Mentally, we are not so many epochs removed from the other animals, and emotionally the connection is closer yet. I will not discuss the question whether dumb animals have any sense of right and wrong. I believe that they have this sense in a rudimentary degree; or at least that it is latent in them, and may be developed. The popular instinctive notions about animals, the result of the experience of the race, seem to justify this view. 'If we say a vicious horse,' remarked Dr. Arnold, 'why not a virtuous horse?' And we do speak of a 'kind' horse.

Moreover, it is obvious that dogs have a sense of humor; and they have also a sense of shame, perfectly distinct from the fear of punishment. Of this sense of shame let me give one example. The dog's eyesight, so far at least as stationary objects are concerned, is very poor, his real reliance being on his sense of smell; and I have often seen a dog mistake one of his own family for a strange animal, run toward him, with every sign of hostility, and then, when he came within a few feet of the other dog, suddenly drop his tail between his legs and slink away, as if he feared that somebody had noticed his absurd mistake.

Can it be that an animal should possess a sense of humor and a sense of shame, without having also some elementary sense of right and wrong?

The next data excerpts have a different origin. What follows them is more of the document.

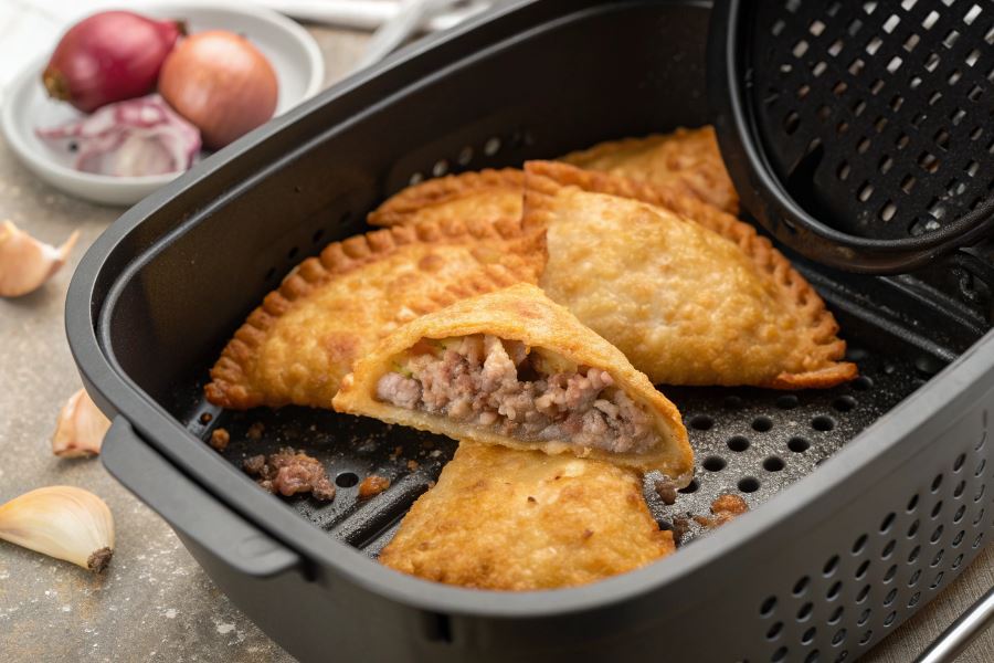 Czebureki przygotowane w airfryerze zachowują charakterystyczną chrupkość zewnętrznej warstwy ciasta, jednocześnie pozostawiając wnętrze soczyste i aromatyczne. Gorące powietrze cyrkulujące w urządzeniu zapewnia równomierne opiekanie ze wszystkich stron.
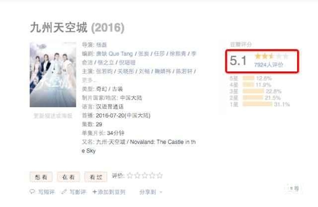 《九州天空城》由张若昀、关晓彤、鞠婧祎、刘畅、陈若轩、朱圣祎、张鲁一、刘敏等联袂主演。这部剧开拍之初的动静很大,粉丝们也是很期待。但是实际播出时骂声一片,更是只得到区区5.1分的评分。延续着九州系列的不利因素,《九州缥缈录》、《上海堡垒》和《龙族》的大电影项目目前为止应该都没有开机。如此看来《海上牧云记》也不算最惨的!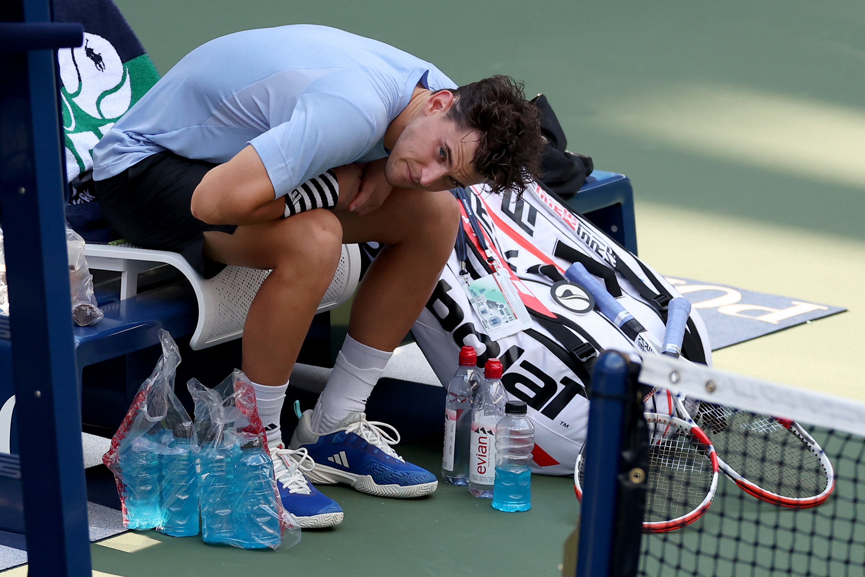 The world No.81 had vomited prior to the match, and was showing signs of discomfort between ends, having spoken to a medic. In the end Thiem pulled out of the clash, with Shelton up 7-6(1), 1-0.

But even if it be thought that he is devoid of that sense, it is certain that he has those kindly impulses from which it has been developed. All that is best in man springs from something which is practically the same in the dog that it is in him, namely, the instinct of pity or benevolence. To that instinct, as it exists in the lower animals, Darwin attributed the origin of conscience in man; and there are now few, if any, philosophers who would give a different account of it.

I have seen a pup not six months old run to comfort another pup that cried out from pain; and the impulse that prompted this act was essentially the same as that which impels the noblest of mankind when they befriend the poor or the afflicted. We are akin to the lower animals morally, as well as physically and mentally.

But this is a modern discovery. It is astonishing and confusing to realize how little organized Christianity has done for the lower animals. The ecclesiastical conception of them was simply that they were creatures without souls, and therefore had no rights as against, or at the hands of, mankind. To this day that conception remains, although it is qualified, of course, by other and more humane considerations. Even Cardinal Newman said,—

'We have no duties toward the brute creation; there is no relation of justice between them and us. Of course, we are bound not to treat them ill, for cruelty is an offense against the holy law which our Maker has written on our hearts, and it is displeasing to Him. But they can claim nothing at our hand; into our hand they are absolutely delivered. We may use them, we may destroy them at our pleasure: not our wanton pleasure, but still for our own ends, for our own benefit and satisfaction, provided that we can give a rational account of what we do.'

This position, although not perhaps cruel in itself, inevitably results in immeasurable cruelties. When an English traveler remonstrated with a Spanish lady for throwing a sick kitten out of the second-story window, she justified herself by saying that the kitten had no soul; and that is the national point of view.

Protestantism has been almost as indifferent as Catholicism to the lower animals. In fact, the conscience which exists outside of the church, Catholic or Protestant, has in this matter, outstripped the conscience of the church. 'Cruelty,' said Du Maurier, 'is the only unpardonable sin'; and the world is slowly but surely coming to that opinion. The long-deferred awakening of mankind to the sufferings of dumb animals was not due to a decline of the ecclesiastical conception of them, although it has declined; nor even to the new knowledge concerning the common origin of man and beast—indeed, it slightly preceded that knowledge; but it was due to the gradual enlightenment and moral improvement of the race, especially of the English-speaking race.

The nineteenth century, as we are often told, saw more discoveries and inventions than had been made in the preceding six thousand years; but I believe that in future ages not one of those discoveries and inventions, nor all together, will bulk so large as factors in the development and uplifting of man, as will those humane laws and societies which first came into existence in that century.

We overvalue intellectual as compared with moral and emotional gifts. The material civilization upon which we pride ourselves is almost wholly the achievement of the intellect. Fame and wealth, luxury, cultivation, and leisure,—all the big prizes of the world, in fact,—are obtained by the successful exercise of the intellect. The moral qualities, of themselves, can procure us nothing but a clear conscience, and the approval, perhaps mixed with contempt, of our neighbors.